10 Tips to Pack Your Next Open House

There's an art to planning the perfect open house and presenting a property in the best light possible. However, you need a contingency plan if you end up receiving more visitors than first expected. Here are ten tips to help you manage a packed open house.

  1. Keep the Sellers Away - This is easy to remember and standard of most open houses, but it's worth repeating: Always keep the sellers out of the picture. If the owners are standing by or scrutinizing visitors, then your packed open house will quickly turn into an empty house. Having the sellers present is also an added burden on your shoulders. Step one is to keep things easy when you can.
  2. The Viewing is Both Inside and Outside - Don't forget to remind people that for properties with a yard, viewing is not restricted to just the interior. Potential home buyers often try to cover multiple listings in one day. Therefore, even if they care about the outdoor spaces of a home, it's easy to forget to take a close look at the yard. That's where the real estate agent's job comes in. Remind visitors that the yard is ready and accessible. This will prevent the interior of your open house from becoming jammed.
  3. Avoid Bottlenecking - A key thing to avoid is bottlenecking. Bottlenecking tends to occur in doorways where people are likely to stop and chat, or in narrow, awkward spaces that can be hard to get through.
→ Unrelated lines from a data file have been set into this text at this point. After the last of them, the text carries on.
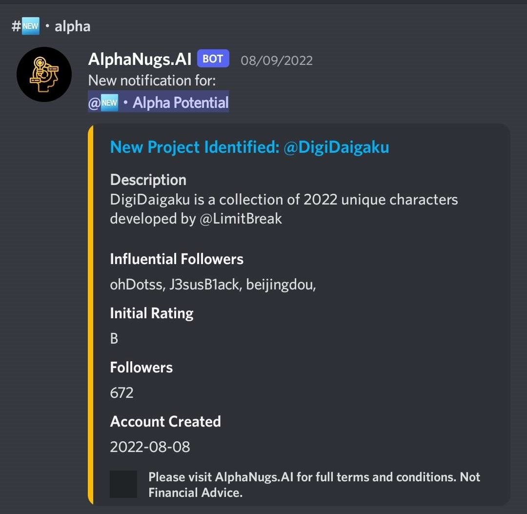 Below we share some of the projects we found super early that turned a profit for our users. We were previously branded under, Alpha Nugs AI, so you will find many pictures carrying that name.&#x20;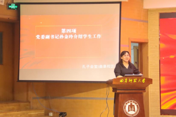 副书记孙金玲从学院的学生工作队伍、学生组织和社团活动、学生奖助学金体系等几方面介绍了学院学生工作的基本情况。
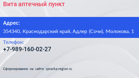 Вита, аптечный пункт по адресу 354340, Краснодарский край, Адлер (Сочи), Молокова, 1 в дальнейшем Организация, размещена в следующих категориях: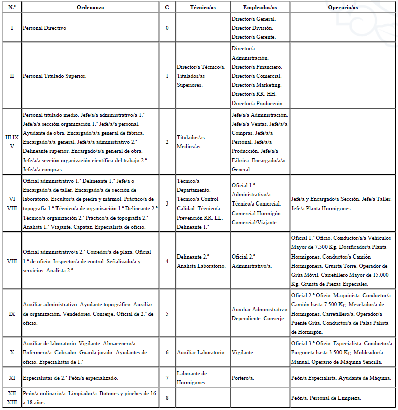 ANEXO II.- CLASIFICACIÓN PROFESIONAL. TABLA ORIENTATIVA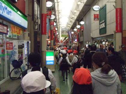 11月2日(金)「大阪くらしの今昔館」へ社会見学に行った様子です。ホールでお弁当を食べて天神橋筋商店街通って帰っています。長い商店街、いろいろな商品が並んでいました。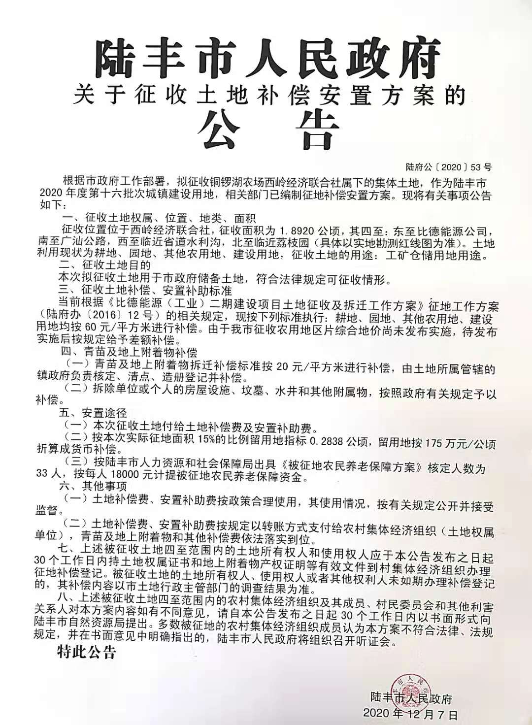 陸豐市人民政府關(guān)于征收土地補(bǔ)償安置方案的公告(陸府公[2020]53號(hào))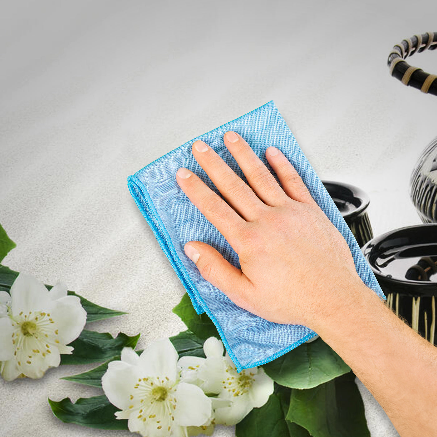 - Wische die Oberfläche mit einem feuchten Tuch oder Schwamm ab.
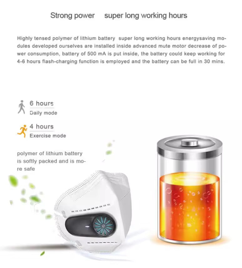- Material: Nylon mask + activated carbon filter + ABS plastic fan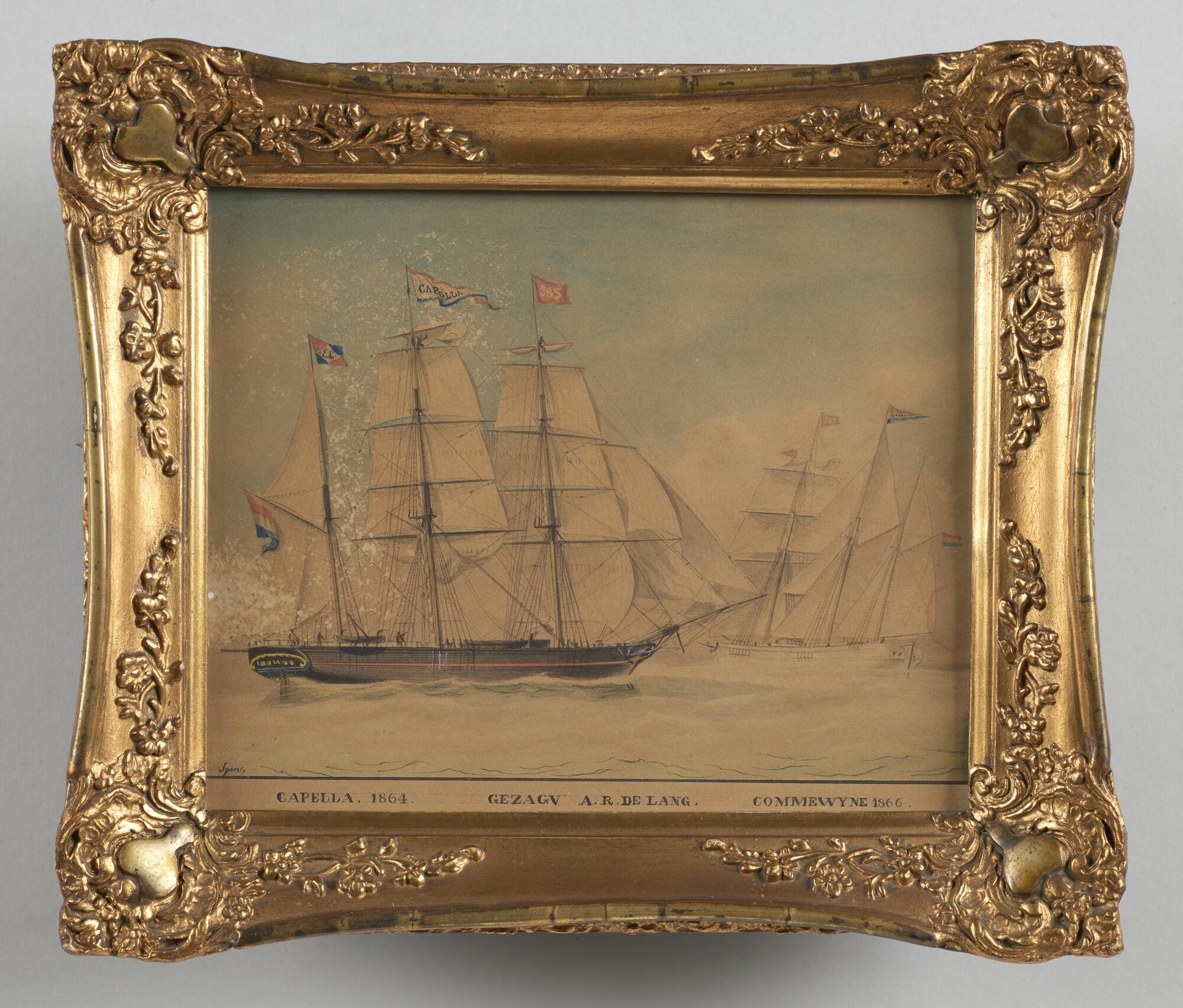 Aquareltekening van barkschip Capella (1864) onder gezag van A.R. de Lang, met op de achtergrond het barkschip Commewijne (1866). In lijst.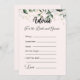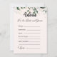 Apresentando o "Advice For the Bride and Groom", um jogo de chá de panela sensato e significativo, projetado para criar um espaço seguro e de apoio para familiares, amigos e entes queridos, para oferecer seus incalculáveis conselhos e desejos ao casal a ser casado. Este jogo extraordinário vai além do mero entretenimento, proporcionando uma oportunidade comovente para os convidados dividirem sua sabedoria e amor para o par feliz. Independentemente de serem impressos profissionalmente ou impressos com cuidado em casa, estes cartões refinados contêm a frase "Conselhos para a noiva e noiva" em uma fonte preta graciosa, definindo o tom para uma experiência verdadeiramente especial. O fundo de cor creme suave serve como uma canvas de calor e elegância, simbolizando a pureza e a alegria do sindicato dos casais. Adorado com delicadas folhas brancas e verdes e vinhas no topo, esse elemento design representa o crescimento e a natureza eterna de seu amor. Ele captura lindamente a essência de sua relação florescente e a promessa de um futuro cheio de sonhos e aspirações compartilhados. Cada cartão fornece cuidadosamente seções designadas para os hóspedes partilharem as suas ideias em títulos como "Sempre", "Às vezes", "Nunca", "Não te esqueças" e "Desejo a ambos". Esse formato estruturado garante que os convidados possam expressar seus conselhos e desejos de forma cuidadosa e sem confronto, permitindo que o casal aprecie essas mensagens sentidas não apenas durante o chá de panela, mas também ao longo de sua vida em conjunto. Na parte inferior de cada carta, a palavra "Amor" convida calorosamente os convidados a deixar as suas assinaturas, transformando cada carta numa merenda carinhosa cheia de palavras afetuosas dos seus queridos convidados. "Conselhos para a noiva e o noivo" serve como uma adição versátil e significativa a qualquer chá de panela, chá de casamento ou celebração do dia do casamento. Ele encarna o amor e o apoio da família e dos amigos enquanto eles se unem atrás do casal, oferecendo sua orientação para ajudar a cultivar uma união resiliente e duradoura. Profissionalmente impressas ou carinhosamente impressas em casa, essas cartas se tornam fichas tesouradas da jornada do casal, servindo como lembretes sinceros do amor e sabedoria inabalável que receberam de seus entes queridos. "Conselho para a Noiva e o Crescimento" imita um impacto duradouro, tornando-se uma lembrança acalentada que simboliza o início alegre de uma bela vida juntos.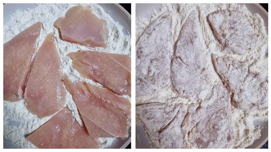 Remove any moisture by dabbing the chicken breast with a paper towel. This will create a thinner piece of chicken. In a bowl, add the flour, garlic powder, salt, and white pepper powder. Dredge the chicken in flour until well coated, then shake off any excess.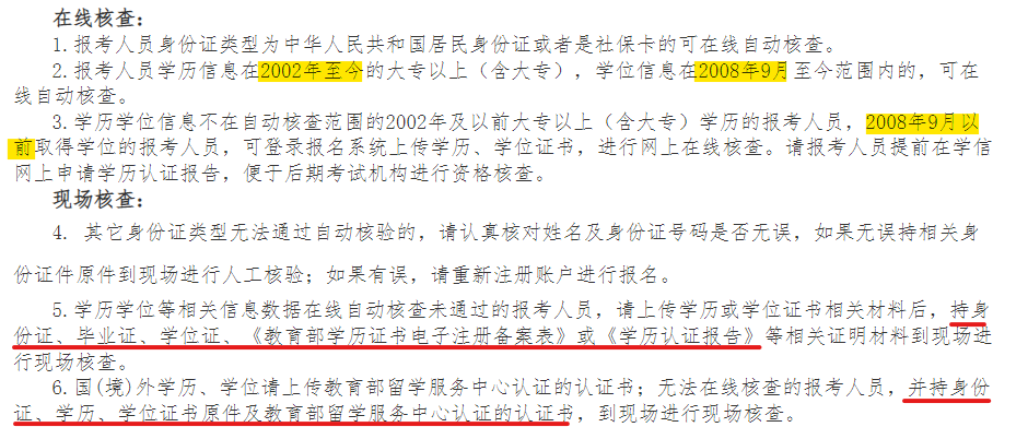 身份或?qū)W歷、學(xué)位信息無法通過自動(dòng)核查的,請(qǐng)?jiān)趫?bào)名時(shí)上傳相關(guān)信息掃描件,以備后期核查。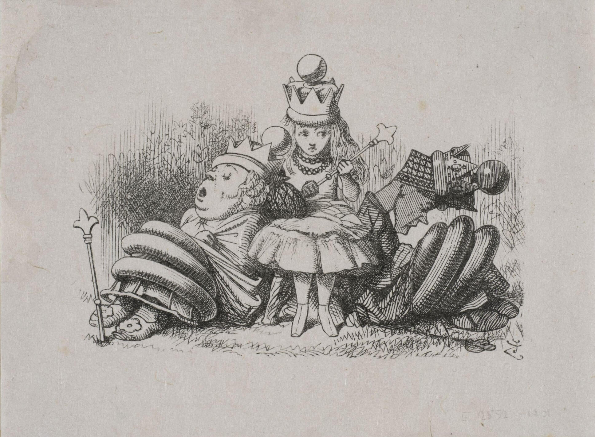 Created for Through the Looking-Glass, and What Alice Found There, published in 1872, John Tenniel’s original engraving showed Alice wearing a bulging dress resembling the base of a chess piece, though Lewis Carroll was unhappy with this, and the image was altered to give her a more fashionable dress. The scene comes from near the end of the story. The action follows the structure of a chess game in which Alice begins as a pawn on the second square of the chessboard landscape and travels across the board. When she finally reaches the eighth square, she is crowned and becomes a queen. This is followed by the chaotic ‘queen’s banquet’ scene, where the table collapses into nonsense and the dream soon ends. |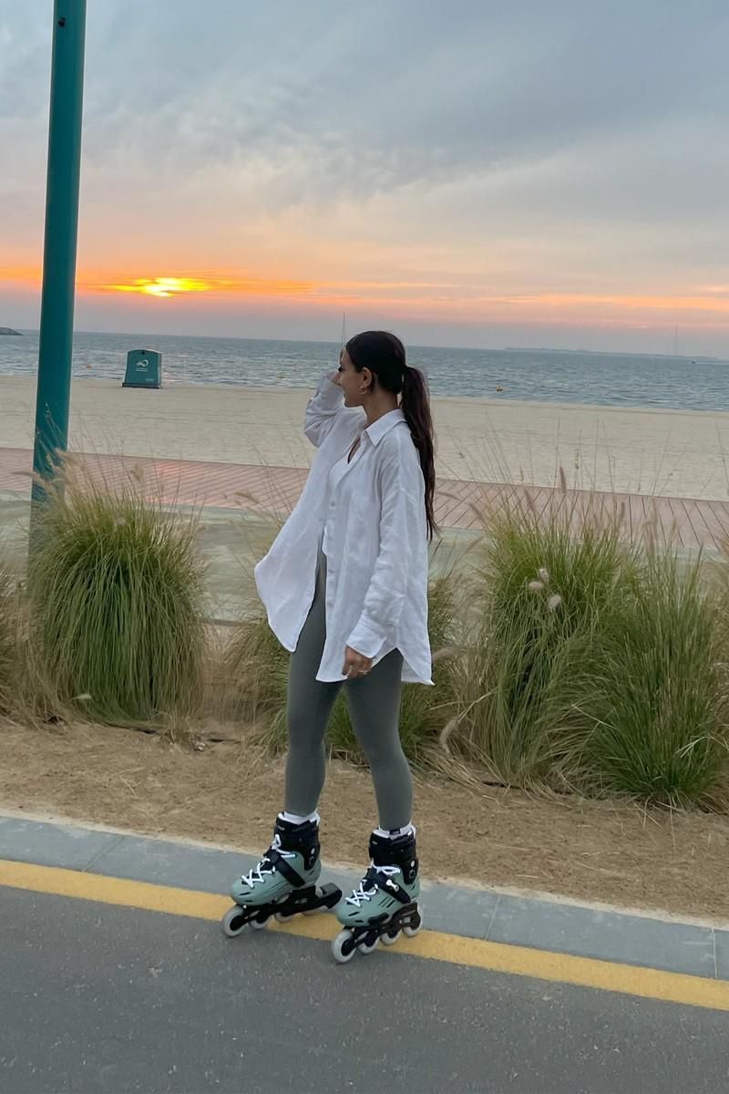 My weekly workout routine prioritises variety and recovery. I do strength training three days a week: day one is lower body, so squats, lunges and deadlifts. Day two is upper body, so push-ups, rows and push-presses. Day three is core and stability work, so usually Pilates. I follow up with two days of cardio; I like indoor cycling and lower-intensity cardio, like walking or padel. On recovery days, I always foam roll or self-massage, prioritising quality sleep and proper hydration. I’ve recently started incorporating ice baths into my recovery routine, too. This has helped a lot with breathing and mindset.
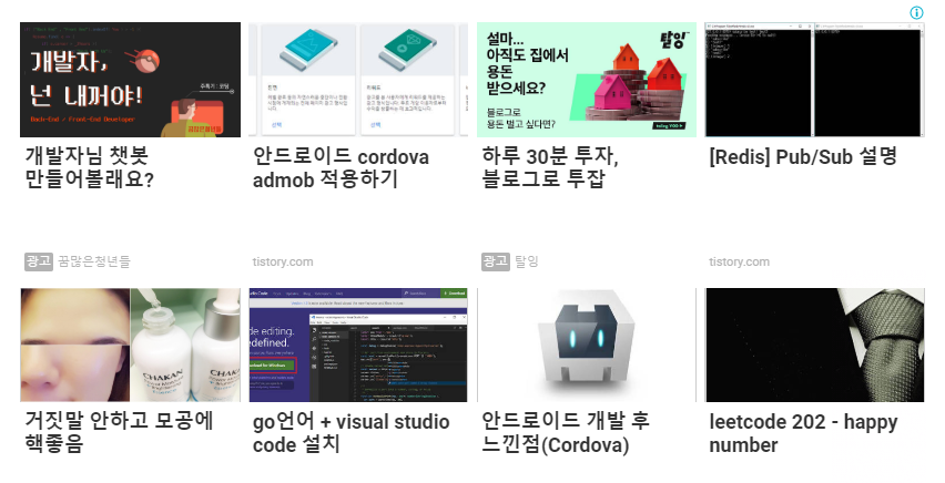 2020/04/24 - [알면 좋은 것/티스토리&애드센스] - 티스토리 목록에 인피드 광고 추가 삽입하기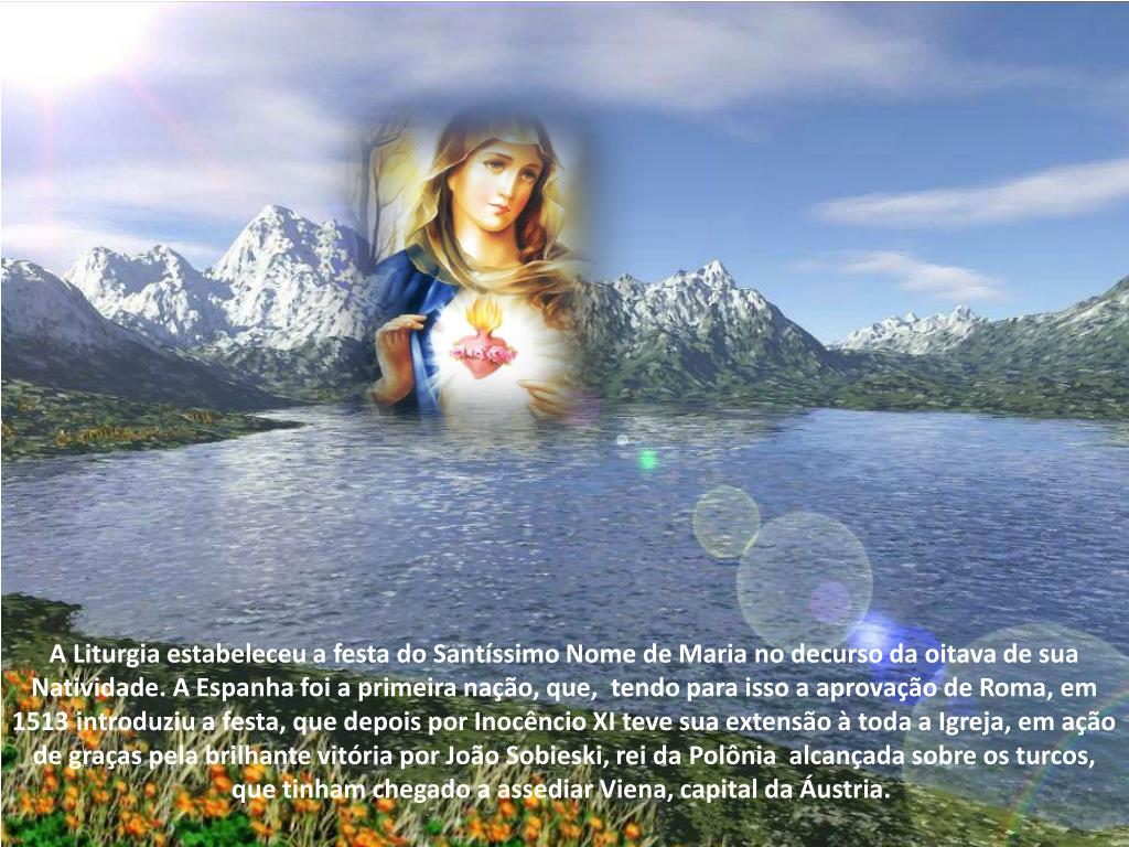 A Liturgia estabeleceu a festa do Santíssimo Nome de Maria no decurso da oitava de sua Natividade. A Espanha foi a primeira nação, que, tendo para isso a aprovação de Roma, em 1513 introduziu a festa, que depois por Inocêncio XI teve sua extensão à toda a Igreja, em ação de graças pela brilhante vitória por João Sobieski, rei da Polônia alcançada sobre os turcos, que tinham chegado a assediar Viena, capital da Áustria.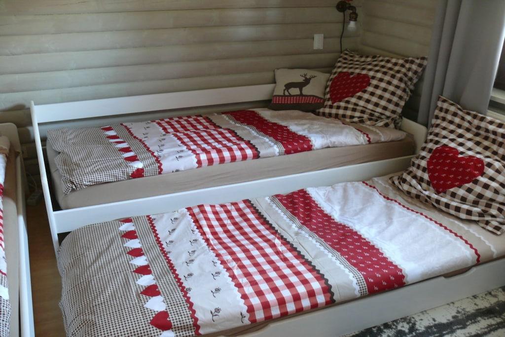 In der 1. Etage: (Wohnzimmer(TV, DVD-Spieler, Radio, CD-Spieler), Küche(TV, Esstisch, Wasserkocher, Toaster, Kaffeemaschine, Backofen, Mikrowelle, Spülmaschine, Kühlschrank, Tiefkühlschrank), Schlafzimmer(Doppelbett, TV, DVD-Spieler, Kinderbett), Kinderzimmer(Einzelbett, Einzelbett, TV, DVD-Spieler, Radio, Kinderbett, Hochstuhl), Badezimmer(Dusche, Waschbecken, Toilette, Waschmaschine, Föhn)) In der 2. Etage: (Schlafzimmer(Doppelbett, TV), Badezimmer(Badewanne, Waschbecken, Toilette, Föhn)) Grill, Gartenmöbel, Sonnenschirm, Markise

Keep the flow of traffic moving by encouraging people to look at the entire home, rather than stopping to focus on a single detail for more than a few minutes.
  4. Know Who You're Dealing With - It's important to be able to recognize who you should spend time on, and who's just there for the show. There are different types of visitors that every real estate agent knows, such as former homeowners from a generation ago, the neighbors, or even the real estate agent whom the sellers didn't choose to represent them. Once identified, these are the people you want to cordially push through as fast as possible, versus encouraging true potential buyers to take their time.
  5. Play Crowd Control - On the other hand, regardless of the makeup of the crowd, you need to keep visitors moving. Don't allow people to congregate in certain areas or loiter. There's nothing more frustrating for people with limited time than to get stuck in a hoard of people during an open house. A packed open house means that it's essential that you play crowd control.
  6. Split the Obvious Visitors Into Groups - This step is related to the same issues of knowing the different demographics that will visit the home. It's possible to break down these groups by offering neighbors a special invitation for an early viewing. This means that foot traffic during prime viewing hours will be more likely to draw true buyers.
  7. Signage Makes a Difference - One reason that an open house might get too crowded is a lack of directional signs. Be sure to put up signage to show visitors where to go as they make their way through the home. If it's a small property, use discreet but visible signs.
  8. Refreshments as a Social Cue - There are differing viewpoints on offering refreshments at an open house, but the truth is that most people appreciate a cookie and coffee. However, refreshments can also be used as a social cue. If your open house is packed, but the crowd movement in and out is decently paced, then keep the cookies coming. On the other hand, if the scene starts to take a turn for barnacles at the refreshment table, it's a good time to put the refreshments away.
  9. Extend the Hours - Even if most open houses take place in the morning or mid-afternoon, there are many people who prefer to attend in the evening. Extending your open house hours can make a huge difference to foot traffic flow if you're expecting a large turnout.
  10. Leave Your Cards Out - One reason that many visitors linger is the wait to get contact information from the real estate agent or follow-up instructions. Leaving your personal card out on a table is a great way to cut out unnecessary lingering or small talk.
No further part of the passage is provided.